== Material for this task

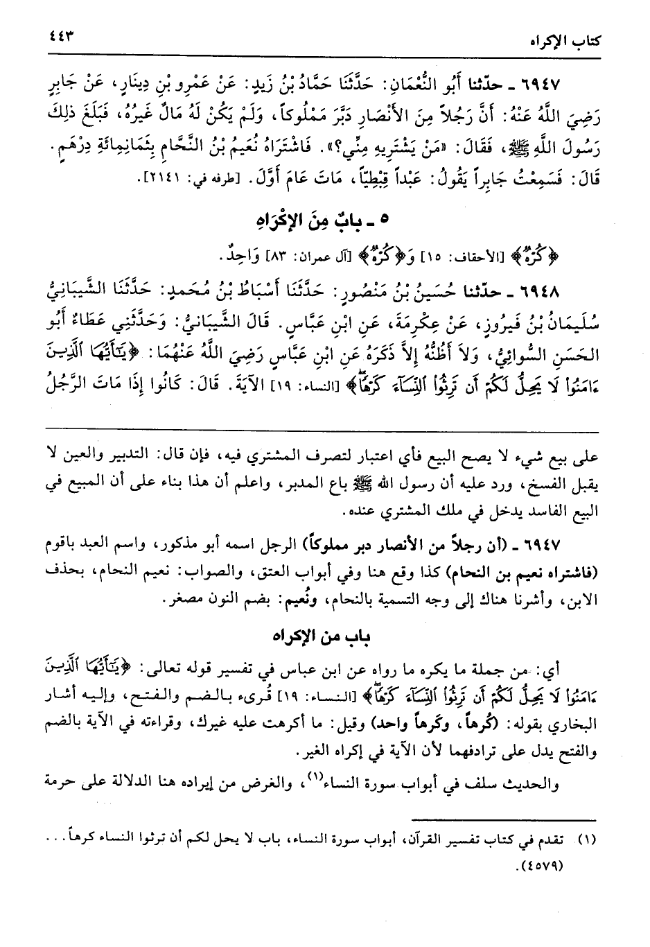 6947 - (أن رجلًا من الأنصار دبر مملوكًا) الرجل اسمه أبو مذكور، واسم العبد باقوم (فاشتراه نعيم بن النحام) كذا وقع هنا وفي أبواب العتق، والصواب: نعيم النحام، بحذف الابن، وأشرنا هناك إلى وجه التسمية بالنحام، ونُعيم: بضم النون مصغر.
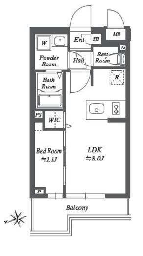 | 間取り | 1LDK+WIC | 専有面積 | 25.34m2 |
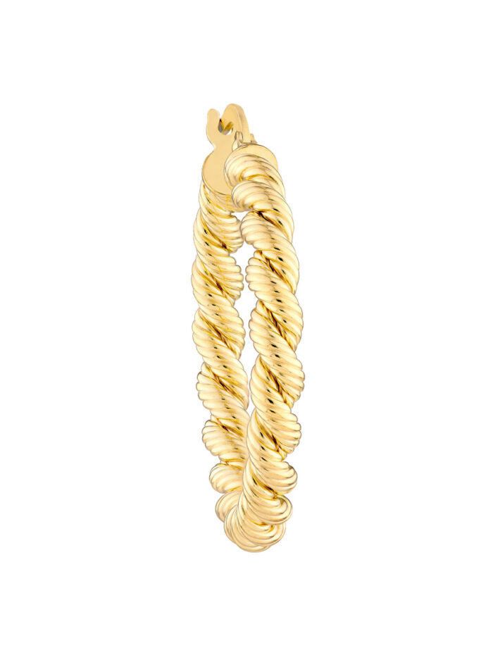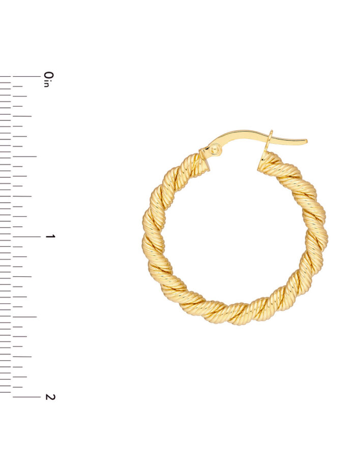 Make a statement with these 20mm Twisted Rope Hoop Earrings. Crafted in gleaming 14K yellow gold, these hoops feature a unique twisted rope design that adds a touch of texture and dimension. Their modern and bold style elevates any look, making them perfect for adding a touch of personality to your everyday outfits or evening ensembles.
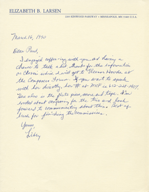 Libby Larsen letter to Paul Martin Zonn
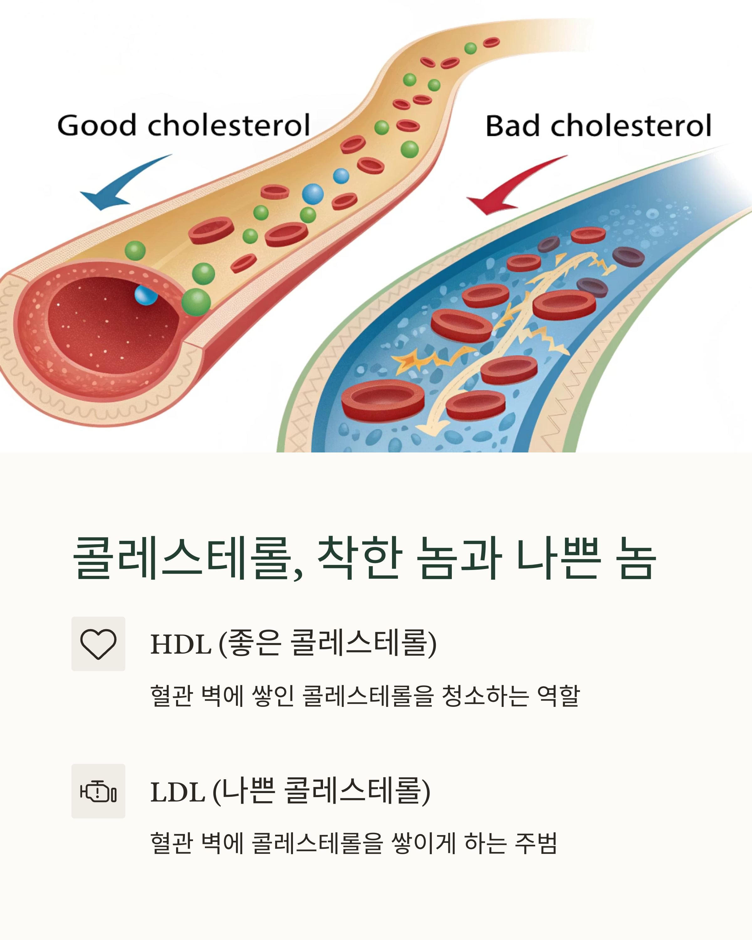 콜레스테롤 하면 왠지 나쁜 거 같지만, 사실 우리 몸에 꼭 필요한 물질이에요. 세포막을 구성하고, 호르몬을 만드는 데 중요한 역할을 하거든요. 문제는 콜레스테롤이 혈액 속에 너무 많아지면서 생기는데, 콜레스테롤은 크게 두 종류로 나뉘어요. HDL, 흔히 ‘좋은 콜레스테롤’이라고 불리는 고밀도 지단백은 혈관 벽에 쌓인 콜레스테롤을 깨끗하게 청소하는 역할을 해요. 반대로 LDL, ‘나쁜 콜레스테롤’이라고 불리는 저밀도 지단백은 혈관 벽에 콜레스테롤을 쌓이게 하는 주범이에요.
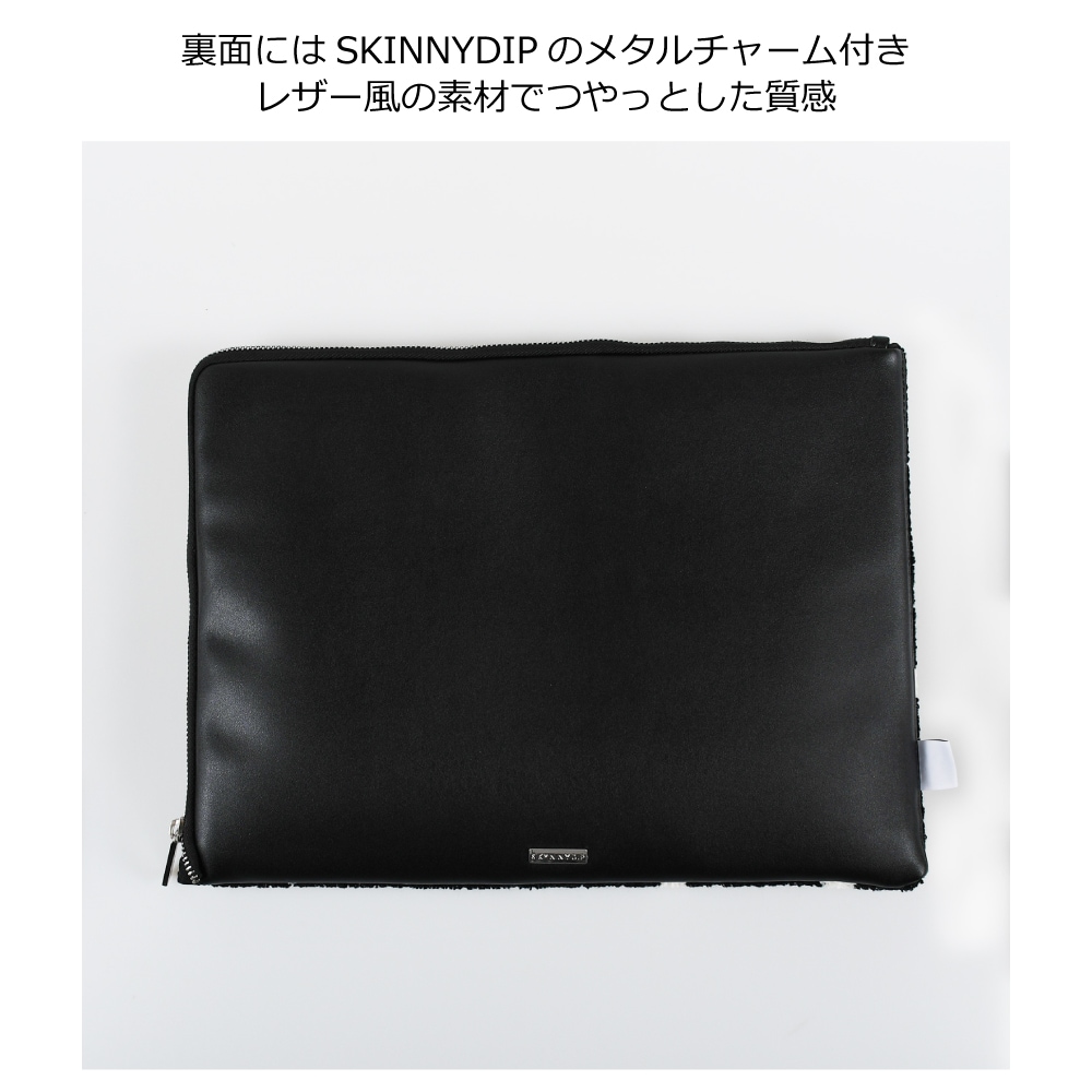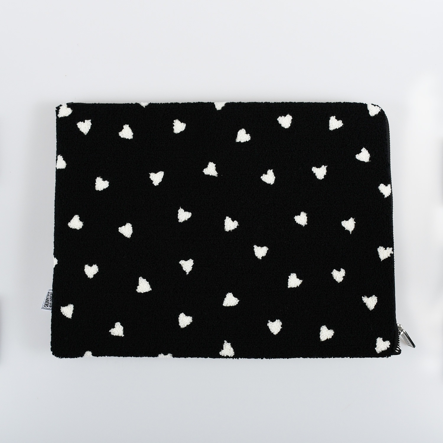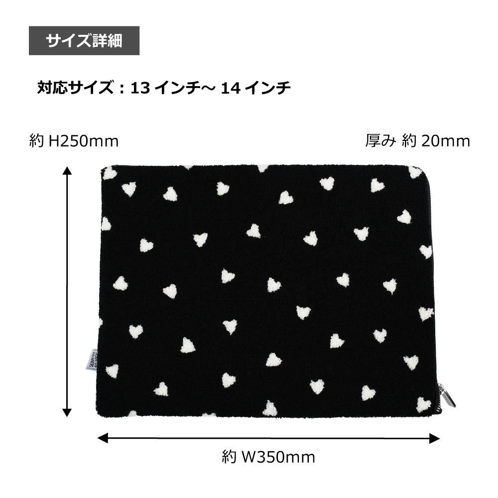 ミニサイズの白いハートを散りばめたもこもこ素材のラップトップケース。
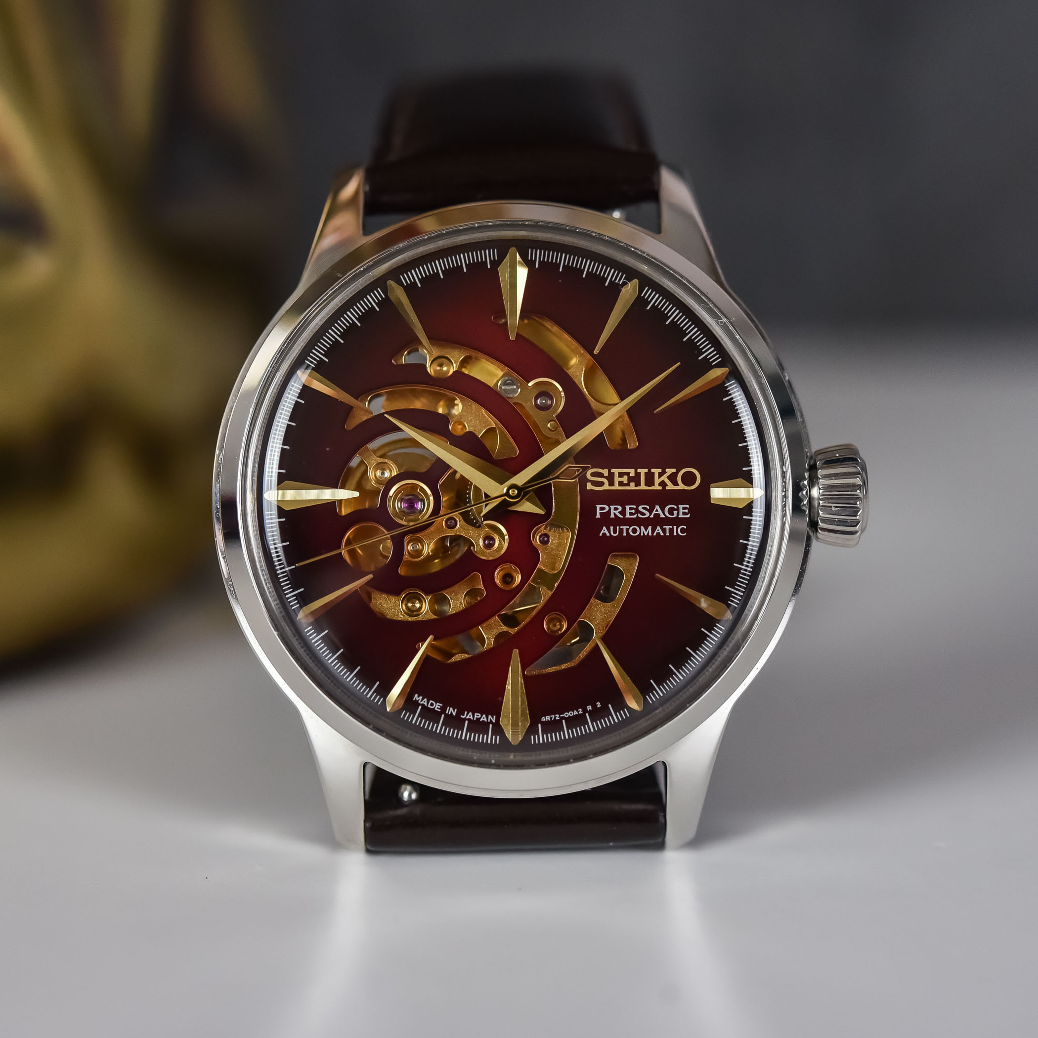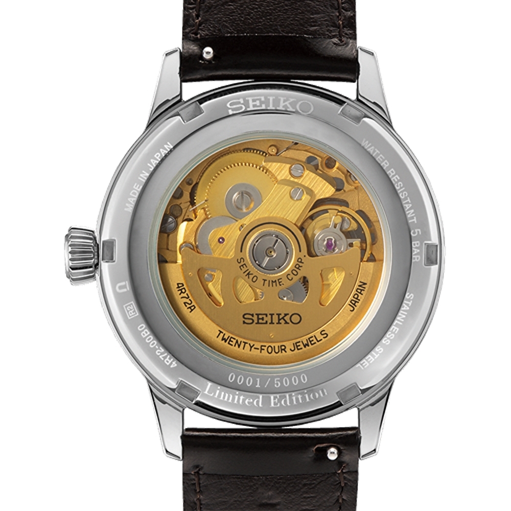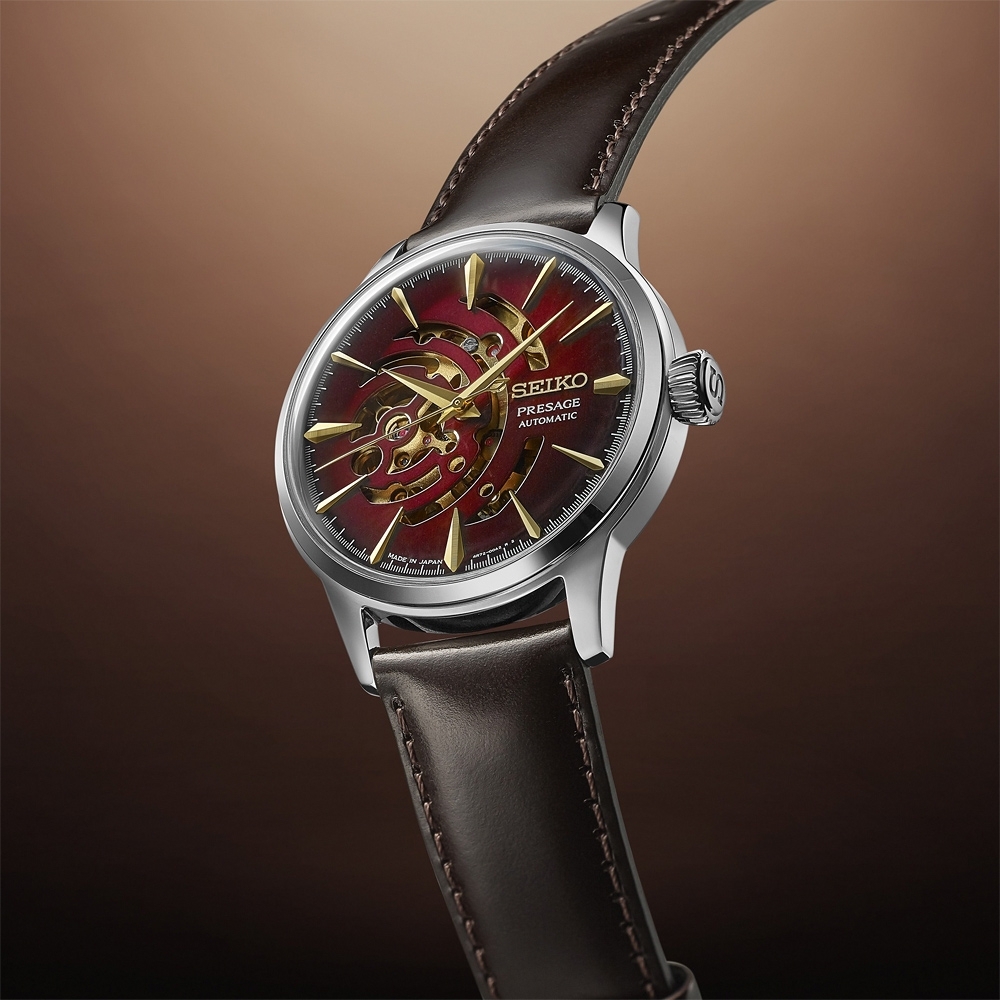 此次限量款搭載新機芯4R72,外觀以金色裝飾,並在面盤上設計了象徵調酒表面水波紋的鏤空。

====

What is required ->
Leaving the pictures out, set down exactly the lines from the one with "Libby Larsen letter to Paul Martin Zonn" through the end of the records.

Exercise response ->
 Libby Larsen letter to Paul Martin Zonn
 콜레스테롤 하면 왠지 나쁜 거 같지만, 사실 우리 몸에 꼭 필요한 물질이에요. 세포막을 구성하고, 호르몬을 만드는 데 중요한 역할을 하거든요. 문제는 콜레스테롤이 혈액 속에 너무 많아지면서 생기는데, 콜레스테롤은 크게 두 종류로 나뉘어요. HDL, 흔히 ‘좋은 콜레스테롤’이라고 불리는 고밀도 지단백은 혈관 벽에 쌓인 콜레스테롤을 깨끗하게 청소하는 역할을 해요. 반대로 LDL, ‘나쁜 콜레스테롤’이라고 불리는 저밀도 지단백은 혈관 벽에 콜레스테롤을 쌓이게 하는 주범이에요.
 ミニサイズの白いハートを散りばめたもこもこ素材のラップトップケース。
 此次限量款搭載新機芯4R72,外觀以金色裝飾,並在面盤上設計了象徵調酒表面水波紋的鏤空。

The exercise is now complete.